The following table defines how each of these flags affects a copy operation, either with copy() or copy_file(). The table is taken from the 27.10.10.4 paragraph of the C++17 standard:

Option group controlling copy_file function effects for existing target files

none

(Default) Error; file already exists

skip_existing

Do not overwrite existing file; do not report an error

overwrite_existing

Overwrite the existing file

update_existing

Overwrite the existing file if it is older than the replacement file

Option group controlling copy function effects for subdirectories

none

(Default) Do not copy subdirectories

recursive

Recursively copy subdirectories and their contents

Option group controlling copy function effects for symbolic links

none

(Default) Follow symbolic links

copy_symlinks

Copy symbolic links as symbolic links rather than copying the files that they point to

skip_symlinks

Ignore symbolic links

Option group controlling copy function effects for choosing the form of copying

none

(Default) Copy contents

directories_only

Copy the directory structure only, do not copy non-directory files

create_symlinks

Make symbolic links instead of copies of files; the source path will be an absolute path unless the destination path is in the current directory

create_hard_links

Make hard links instead of copies of files

Another aspect that should be mentioned is related to symbolic links: create_directory_symlink() creates a symbolic link to a directory, whereas create_symlink() creates symbolic links to either files or directories. On POSIX systems, the two are identical when it comes to directories. On other systems (such as Windows), symbolic links to directories are created differently than symbolic links to files. Therefore, it is recommended that you use create_directory_symlink() for directories in order to write code that works correctly on all systems.

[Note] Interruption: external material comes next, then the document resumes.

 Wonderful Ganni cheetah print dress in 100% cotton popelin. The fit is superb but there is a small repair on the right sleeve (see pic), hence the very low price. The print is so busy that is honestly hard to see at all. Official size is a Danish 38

When you perform operations with files and directories, such as the ones described in this recipe, and you use the overloads that may throw exceptions, ensure that you try-catch the calls. Regardless of the type of overload used, you should check the success of the operation and take appropriate action in the case of a failure.

See also

  • Working with filesystem paths to learn about the C++17 standard support for filesystem paths
  • Removing content from a file to explore the possible ways of removing parts of the content of a file
  • Checking the properties of an existing file or directory to learn how to query the properties of files and directories, such as the type, permissions, file times, and more

Removing content from a file

Operations such as copying, renaming, moving, or deleting files are directly provided by the filesystem library. However, when it comes to removing content from a file, you must perform explicit actions.

Regardless of whether you need to do this for text or binary files, you must implement the following pattern:

  1. Create a temporary file.
  2. Copy only the content that you want from the original file to the temporary file.
  3. Delete the original file.
  4. Rename/move the temporary file to the name/location of the original file.

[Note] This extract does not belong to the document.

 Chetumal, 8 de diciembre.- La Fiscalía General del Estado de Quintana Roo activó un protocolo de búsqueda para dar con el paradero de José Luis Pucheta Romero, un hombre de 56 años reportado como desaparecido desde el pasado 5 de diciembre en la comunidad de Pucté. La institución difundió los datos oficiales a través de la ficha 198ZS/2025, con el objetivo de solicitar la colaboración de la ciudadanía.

In this recipe, we will learn how to implement this pattern for a text file.

Getting ready

For the purpose of this recipe, we will consider removing empty lines, or lines that start with a semicolon (;), from a text file. For this example, we will have an initial file, called sample.dat, that contains the names of Shakespeare's plays but also empty lines and lines that start with a semicolon. The following is a partial listing of this file (from the beginning):

;Shakespeare's plays, listed by genre
;TRAGEDIES
Troilus and Cressida
Coriolanus
Titus Andronicus
Romeo and Juliet
Timon of Athens
Julius Caesar

The code samples listed in the next section use the following variables:

auto path = fs::current_path();
auto filepath = path / "sample.dat";
auto temppath = path / "sample.tmp";
auto err = std::error_code{};

We will learn how to put this pattern into code in the following section.

How to do it...

Perform the following operations to remove content from a file:

  1. Open the file for reading:
    std::ifstream in(filepath);
    if (!in.is_open())
    {
      std::cout << "File could not be opened!" << '
    ';
      return;
    }
    
  2. Open another temporary file for writing; if the file already exists, truncate its content:
    std::ofstream out(temppath, std::ios::trunc);
    if (!out.is_open())
    {
      std::cout << "Temporary file could not be created!"
                << '
    ';
      return;
    }
    
  3. Read, line by line, from the input file and copy the selected content to the output file:
    auto line = std::string{};
    while (std::getline(in, line))
    {
      if (!line.empty() && line.at(0) != ';')
      {
        out << line << 'n';
      }
    }
    
  4. Close both the input and output files:
    in.close();
    out.close();
    
  5. Delete the original file:
    auto success = fs::remove(filepath, err);
    if(!success || err)
    {
      std::cout << err.message() << '
    ';
      return;
    }
    
  6. Rename/move the temporary file to the name/location of the original file:
    fs::rename(temppath, filepath, err);
    if (err)
    {
      std::cout << err.message() << '
    ';
    }
    

How it works...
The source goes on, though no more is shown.